Jenny was sitting at the kitchen table looking through some baby clothes catalog. I went to get a Diet Coke, and she stood up, came over to me, and gave me a kiss. She said I looked stressed, and put her arms around me. When she pulled back, she asked if I’d been smoking and said I smelled like smoke (it had only been like three or four minutes since I smoked that cigarette). I told her I hadn’t been smoking, but she called me on it. I didn’t say anything in response, so then she said, “Why are you lying about it? I can smell it, Chris. B isn’t here, so you can’t blame it on him.” So I tried blaming it on the cat.

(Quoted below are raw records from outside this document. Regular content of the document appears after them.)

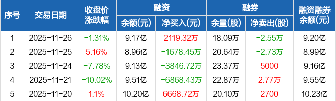融资方面,当日融资买入1.01亿元,融资偿还7988.36万元,融资净买入2119.32万元。融券方面,融券卖出700股,融券偿还2.62万股,融券余量18.09万股,融券余额258.14万元。融资融券余额合计9.2亿元。
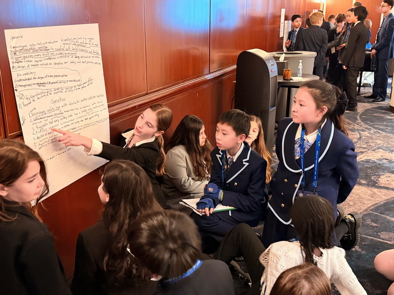 在联合国总部参访时,同学们驻足于《破碎的地球》与《打结的手枪》展品前,从具象艺术中读懂“守护家园”“珍爱和平”的深意;同学们探访经社理事会厅、安理会会议厅、联合国大会厅,近距离感受国际议事的庄重氛围,理解联合国“维护和平、促进发展”的核心使命,直观体会“大国责任”与“全球协作”的重量;在MMUN开幕式上,同学们身着正装,从容步入联合国金色大厅,向与会其他代表传递尊重与友好,这也是中国少年文化自信的生动表达。
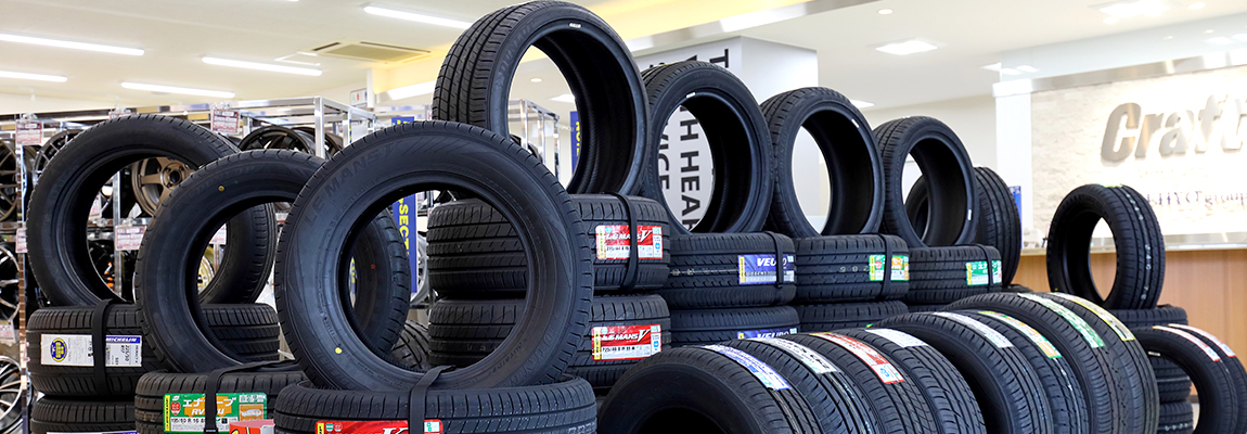 クルマの重量を支えながら路面に動力を伝える「タイヤ」は、使うほどに摩耗・劣化する消耗品です。大小さまざまなサイズのホイールに対応するため、タイヤにもたくさんのサイズが存在します。まずは愛車のホイールにきちんと適合するタイヤを選ぶ必要があります。店舗に展示中のタイヤの中から、愛車のホイールに適合するタイヤをお探しください。
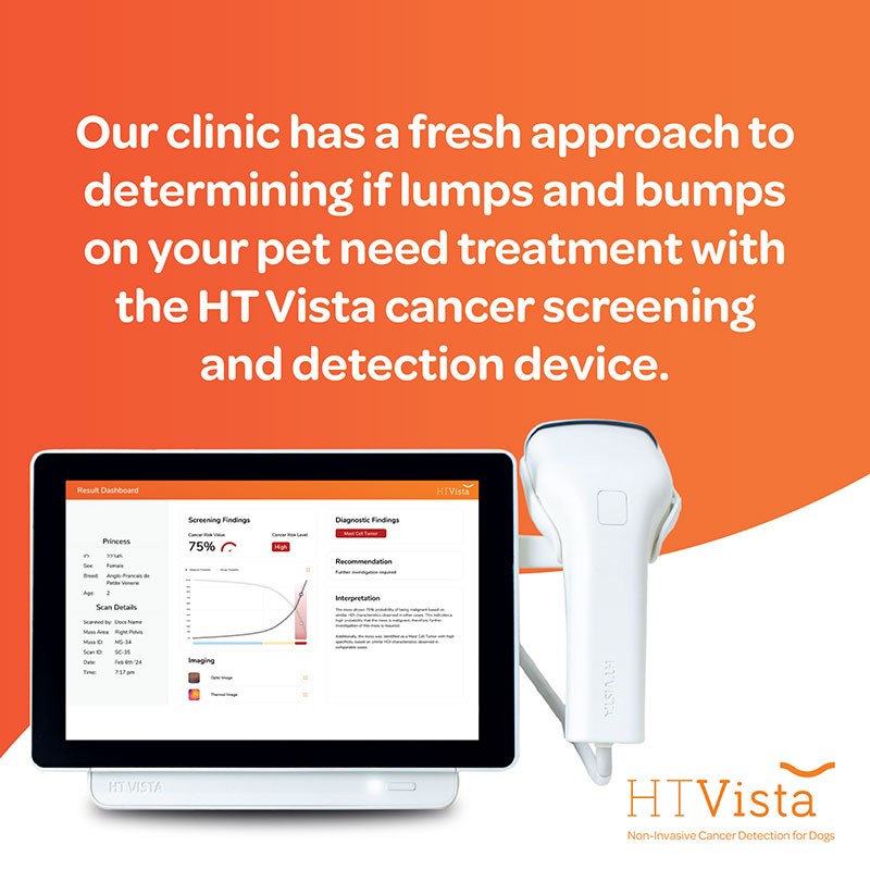 We are extremely proud to be among the first and very few veterinary clinics in the UK to offer HT-Vista screening; the only non-invasive diagnostic device specifically designed to assess lumps and bumps in dogs. This groundbreaking technology allows us to evaluate whether a lump is likely benign or may require further investigation, all without the need for needles, sedation, or invasive procedures.
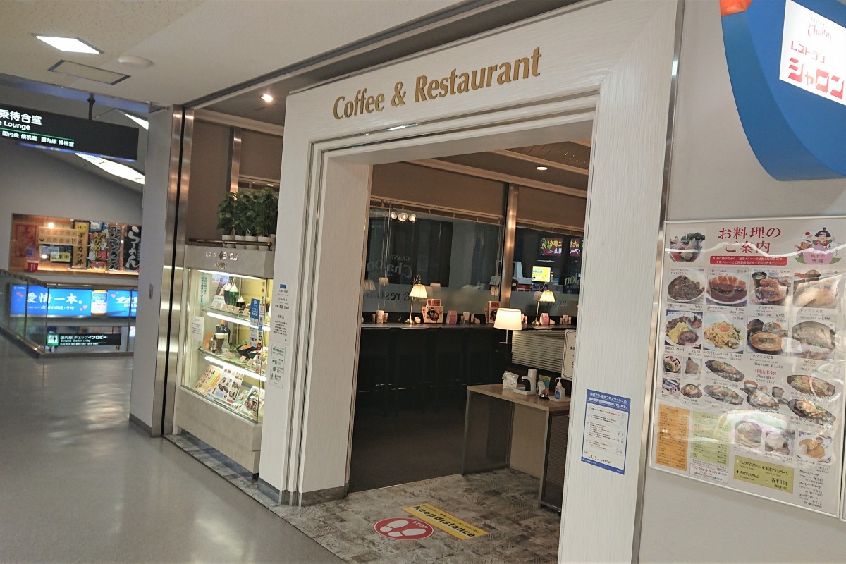 ターミナルビル2階の国内線搭乗口目の前にある『レストラン シャロン』。しっかり食べたい時の定食や、ちょっと一杯のお供のおつまみ、カフェメニューが充実。テクアウトができるメニューもあります。
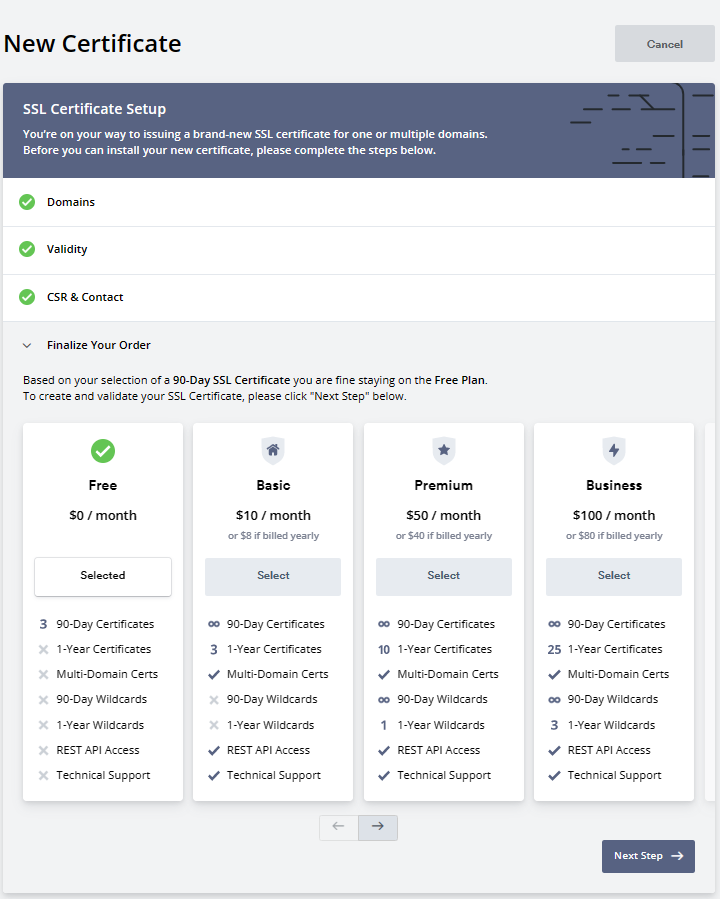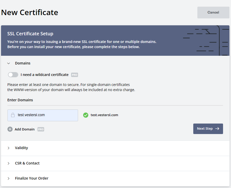 2.2 Create a New Certificate for your domain and then click on Next Step:
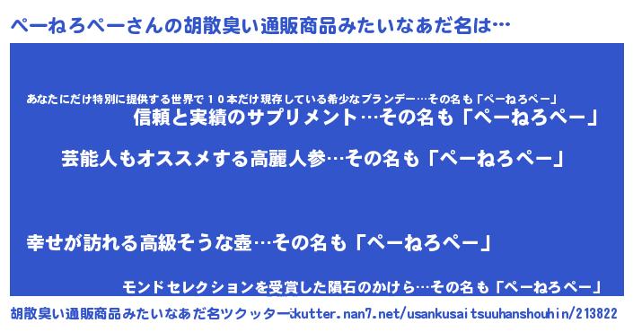 | 意味不明あだ名 | 『自称ぺーねろぺー』 |
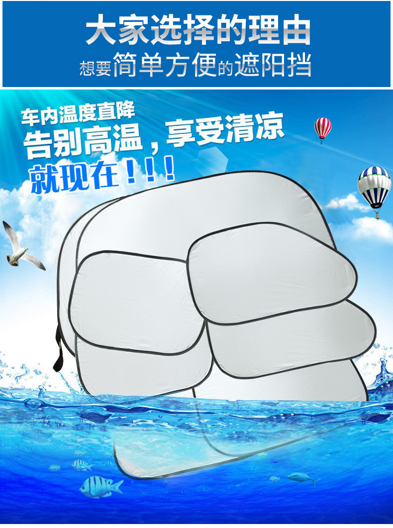 【产品说明】:炎炎夏季爱车免不了要停靠在烈日之下,如果长期暴晒,不采取遮阳降温的措施,爱车很可能会发生车内皮革晒裂,塑料件过早老化,甚至大大减少使用寿命,对您的爱车肯定造成不小的伤害。
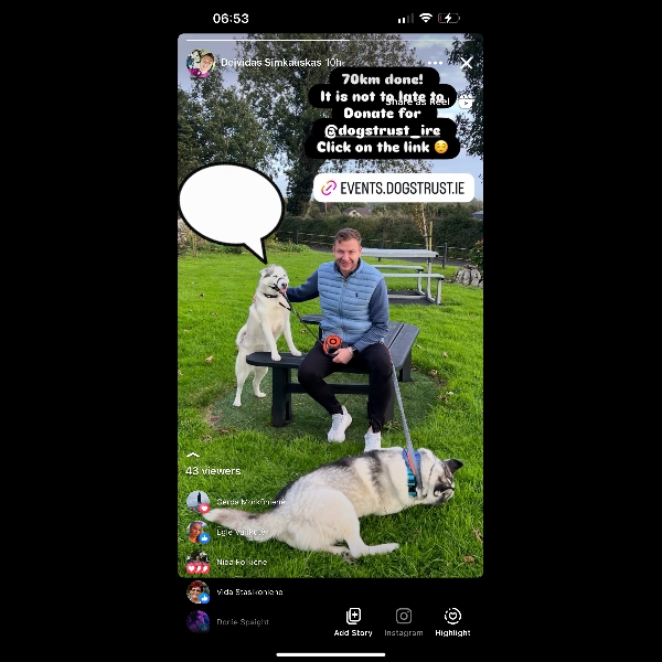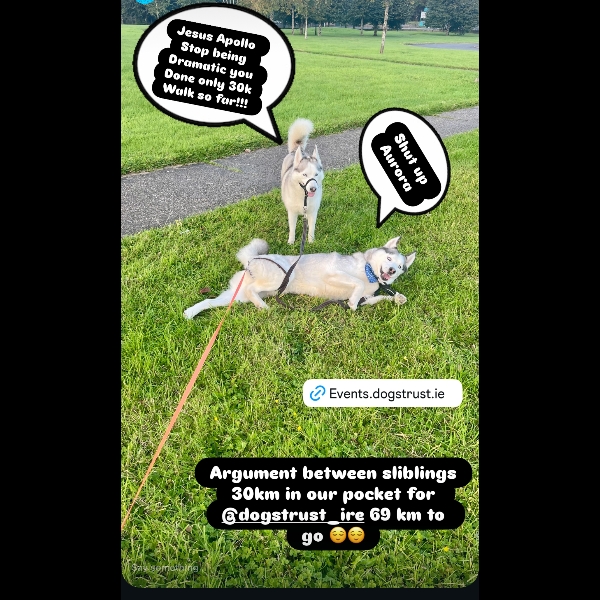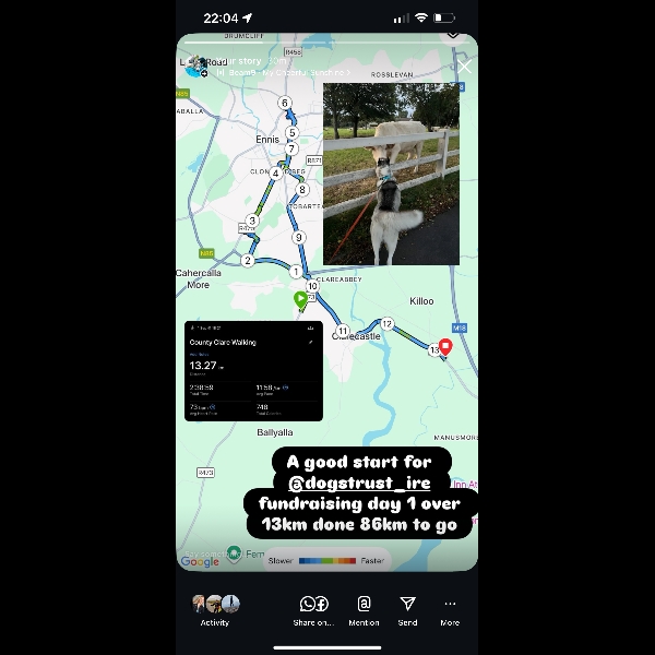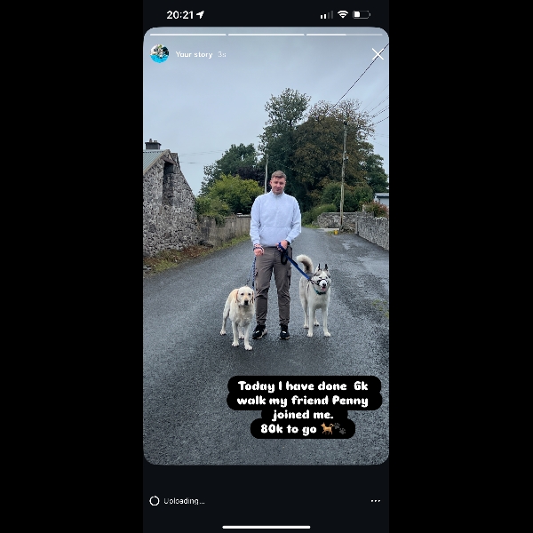 I'll be taking on a challenge of walking 99 kilometres in a month to help stray and abandoned dogs and puppies. Every euro raised gives the gift of a second chance to our furry friends in Dogs Trust Ireland's care - thank you for your support!
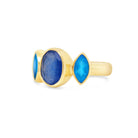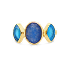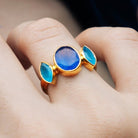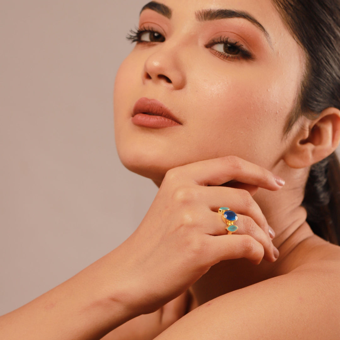 There is a central oval stone of blue quartz and two marquise shaped side stones each in blue chalcedony.  The metal is recycled .925 sterling silver now with two and a half microns of 18k gold vermeil and a water resistant e-coating of laquer for extra durability, so the gold will last a long time.
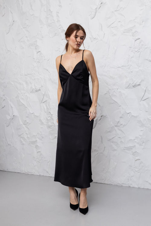 - Сукня виготовлена з якісного сатину. - Красиво лягає по фігурі, створюючи витончений силует. - Тонкі бретелі та V-подібне декольте додають образу легкості та жіночності. - Застібається ззаду на потаємну блискавку, що забезпечує зручність і бездоганну посадку. - На моделі розмір S
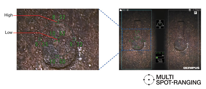 IPLEX NX擁有獨特的多點物距測量功能,能夠實時測量從內窺鏡到檢查表面上多個點之間的距離。該功能提供了實時表面信息,不會暫停或中斷檢查。

For the record, blaming things on the cat never works. Never. So finally I admitted to it. She asked me if I was ok, I told her I’m fine. She asked if I wanted to talk, I said no. The cat walked up and meowed at me, so I grabbed her and told Jenny I was going back upstairs with my smoking buddy. She rolled her eyes at me and just said, “Make sure you two open a window, if you’re not going to go to the garage. And if you need to talk, I’m here for you.” I made the cat wave at her and went upstairs. So here I am, with my cat in my lap, and another cigarette.

I’m mad at myself for smoking. Really, I am. I shouldn’t be having another one. But I’m just so fucking stressed right now. I was so proud of myself for going so long without smoking, too. Now I’m just disappointed in myself. The disappointment on top of the stress, depression, and anxiety just makes me want to smoke even more. Dammit. I’ll try to quit again soon. Oh well. It's better to "relapse" on cigarettes than on anything else. I put it in quotation marks because I don't really think relapse is the word for it. I suppose it is, since it's still an addiction, but I don't know...it just doesn't seem like the right word to me. Maybe part of that is because it's a word I'd rather not use.

On a lighter note, tomorrow is Evan's 6th birthday. A bunch of his friends are coming over for a party tomorrow. That should be fun. It will be hectic, for sure. I can’t believe he’s that old already. He’s growing up so fast! It’s crazy.